◆ SOURCE MATERIAL ◆
━━━━

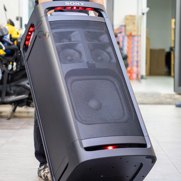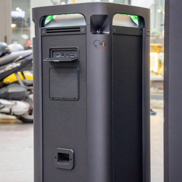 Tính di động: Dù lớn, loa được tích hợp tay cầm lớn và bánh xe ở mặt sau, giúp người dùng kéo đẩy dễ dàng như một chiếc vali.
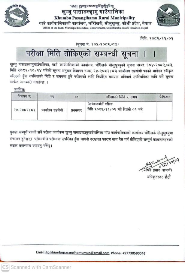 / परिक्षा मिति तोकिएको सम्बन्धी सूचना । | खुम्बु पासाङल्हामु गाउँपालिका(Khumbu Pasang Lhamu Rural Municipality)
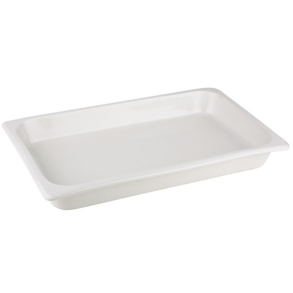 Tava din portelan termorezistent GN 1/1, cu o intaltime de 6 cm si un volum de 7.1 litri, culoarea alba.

━━━━

◆ EXERCISE INSTRUCTIONS ◆
Word for word, write out the whole listing, keeping none of the pictures.

◆ RESPONSE TO THE TASK ◆
 Tính di động: Dù lớn, loa được tích hợp tay cầm lớn và bánh xe ở mặt sau, giúp người dùng kéo đẩy dễ dàng như một chiếc vali.
 / परिक्षा मिति तोकिएको सम्बन्धी सूचना । | खुम्बु पासाङल्हामु गाउँपालिका(Khumbu Pasang Lhamu Rural Municipality)
 Tava din portelan termorezistent GN 1/1, cu o intaltime de 6 cm si un volum de 7.1 litri, culoarea alba.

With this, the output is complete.